--- SUPPLIED DATA ---
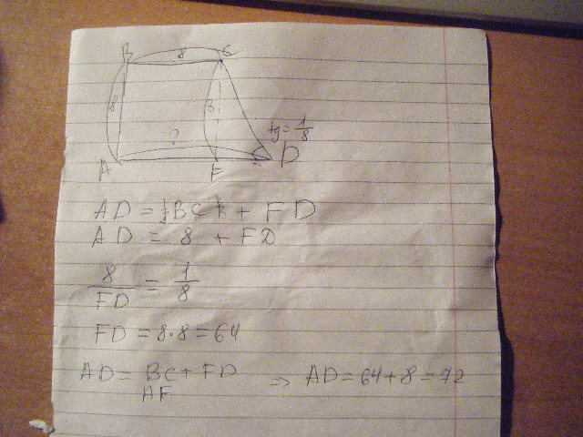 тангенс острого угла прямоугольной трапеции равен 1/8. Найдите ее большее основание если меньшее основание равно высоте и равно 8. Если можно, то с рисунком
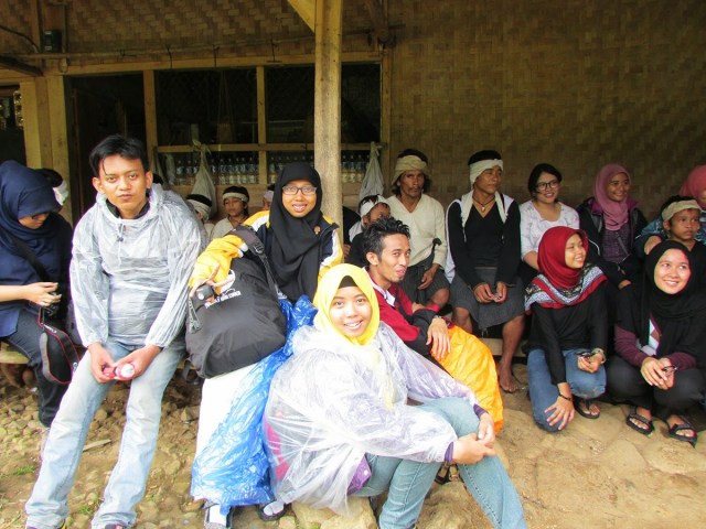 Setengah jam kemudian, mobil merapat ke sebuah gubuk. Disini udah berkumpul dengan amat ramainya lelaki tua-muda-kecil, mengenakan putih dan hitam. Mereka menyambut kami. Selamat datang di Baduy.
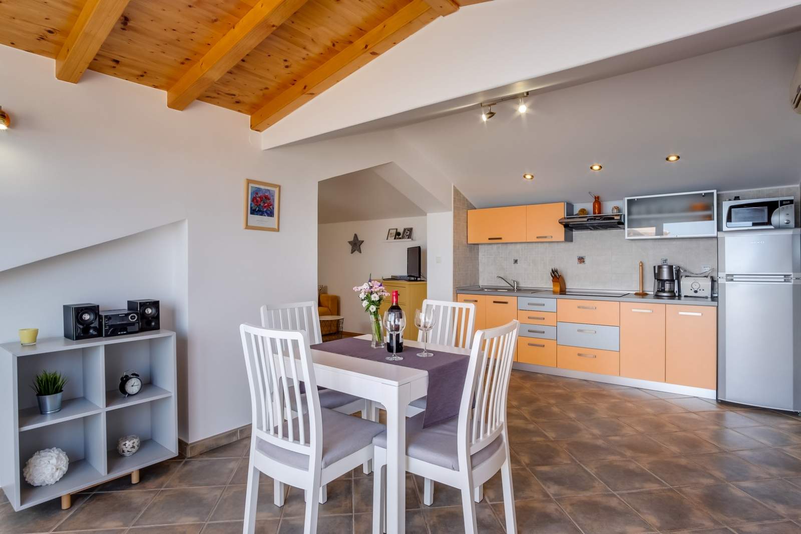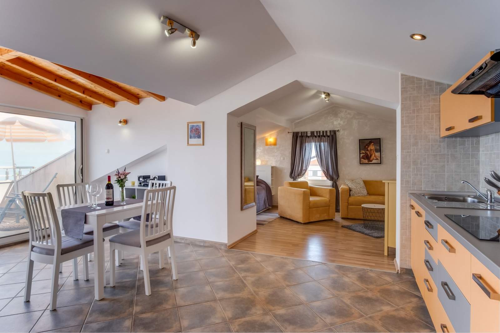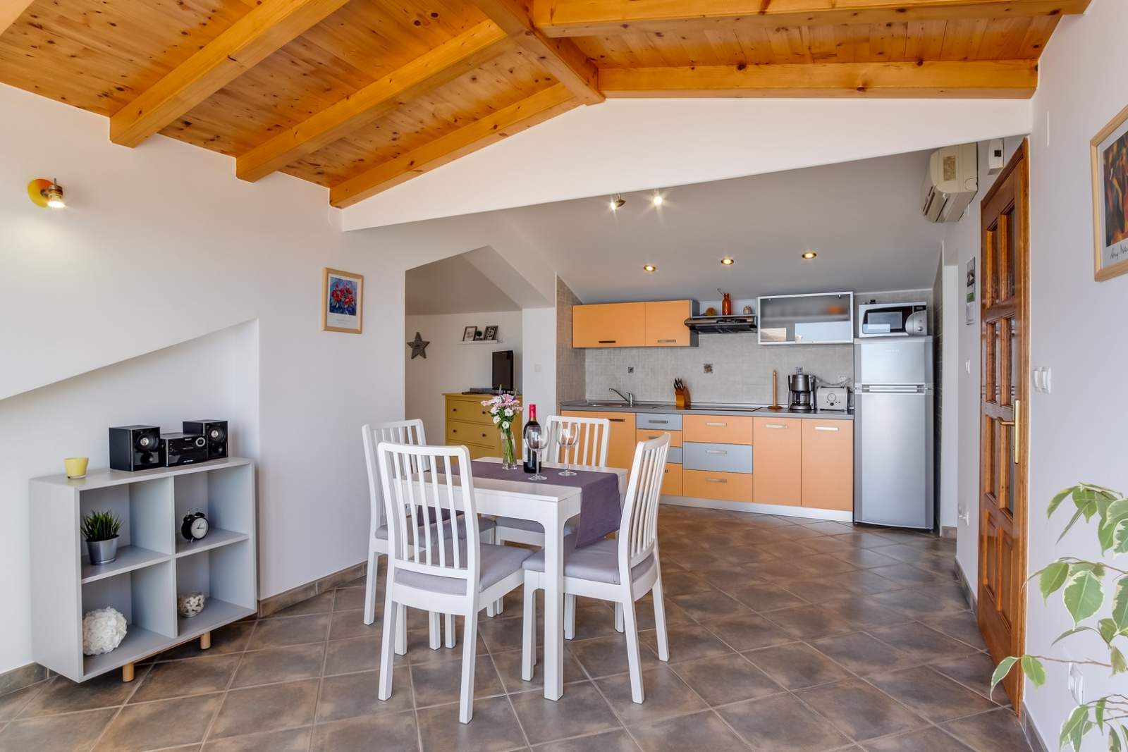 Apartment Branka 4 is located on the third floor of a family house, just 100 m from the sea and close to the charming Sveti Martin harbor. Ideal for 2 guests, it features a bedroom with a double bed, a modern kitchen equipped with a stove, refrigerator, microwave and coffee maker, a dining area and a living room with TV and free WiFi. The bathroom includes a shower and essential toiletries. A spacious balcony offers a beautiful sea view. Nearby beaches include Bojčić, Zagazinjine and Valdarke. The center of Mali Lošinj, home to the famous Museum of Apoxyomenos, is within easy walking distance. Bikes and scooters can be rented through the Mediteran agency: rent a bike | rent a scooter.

--- EXERCISE ---
In the data above, please extract the lines from the first one through the line with "Setengah jam kemudian, mobil", exactly, and keep pictures out.

--- TASK RESULT ---
 тангенс острого угла прямоугольной трапеции равен 1/8. Найдите ее большее основание если меньшее основание равно высоте и равно 8. Если можно, то с рисунком
 Setengah jam kemudian, mobil merapat ke sebuah gubuk. Disini udah berkumpul dengan amat ramainya lelaki tua-muda-kecil, mengenakan putih dan hitam. Mereka menyambut kami. Selamat datang di Baduy.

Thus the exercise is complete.